I created a VM with this command:
lxc launch images:ubuntu/21.10/desktop ubuntu2110 --vm -c limits.cpu=4 -c limits.memory=4GiB --console=vga

Then I created an alias for that:
lxc image alias create local:ubuntu-21-10 71ba5f5629fe

And tried to create a container from it:
lxc launch local:ubuntu-21-10 ubuntu-21-10-container

But the type for that is VIRTUAL-MACHINE :confused:

Is there a way to create it as a container?
I imagine a VM uses much more space than a container, right?

Yes, create a container without the --vm and then create an alias for the container image that is downloaded. You cannot create containers from VM images.

That’s sad. :frowning:

Do you think it’s something that could be implemented?
I thought there would be a flag for that.

I would not like to have to download gigabytes again :slight_smile:

Is the other way possible, ie, create VM from local containers?

The two are pretty different. To turn a VM image into a container, we’d need to map that virtual disk, extract the main partition and then strip a whole bunch of packages from it. All of that is problematic as mapping and mounting partitions can exploit kernel bugs leading to a complete compromise of the host system.

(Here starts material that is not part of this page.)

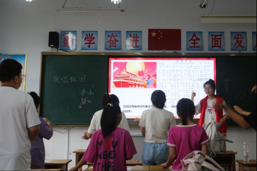 音乐是文化传承的重要载体。队员们心潮澎湃,将《歌唱祖国》唱响课堂,厚重的爱国情怀通过音乐的形式传递到孩子们的心间。孩子们从羞涩到自信,在队员们的带动下大声唱出了对祖国真挚的热爱。

Some of that could be worked around using libguestfs but that’s really quite slow and would leave us with the next problem of knowing what to remove and how as that will depend on the exact OS and version in the image.

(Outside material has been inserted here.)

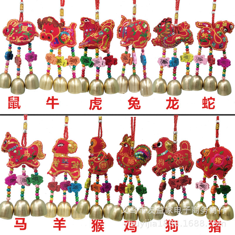 民族風布芸12年生肖風鈴刺繍スパンコール十二生肖風鈴本命年動物生肖ペンダント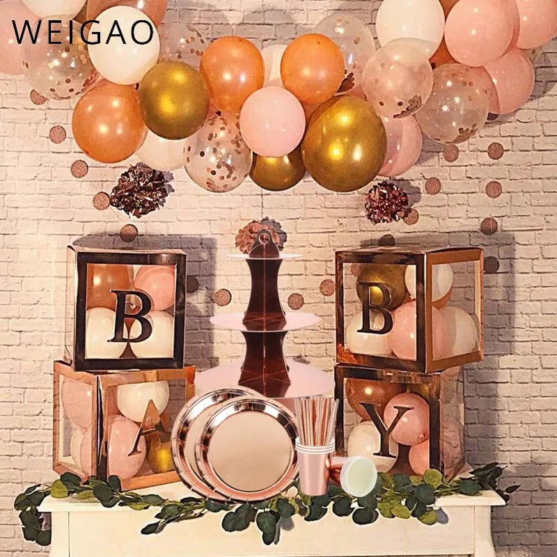 Baby Shower коробка шар из розового золота A-Z письмо прозрачная ко...

The other way around is safer as we wouldn’t need to deal with a binary disk image but the rest of the issue would somewhat remain in that we’d need to figure out what to add to turn a container into a VM image, then generate a virtual disk, partition table, format the partitions, copy the data, setup a bootloader, …

LXD in general is trying to be completely agnostic of what’s going on in the instance, so having to add a lot of logic that’s OS/distro specific would go quite counter to our design goals and would massively complexify things and make them much more brittle (a simple thing like a distro changing package name in a specific version would break it).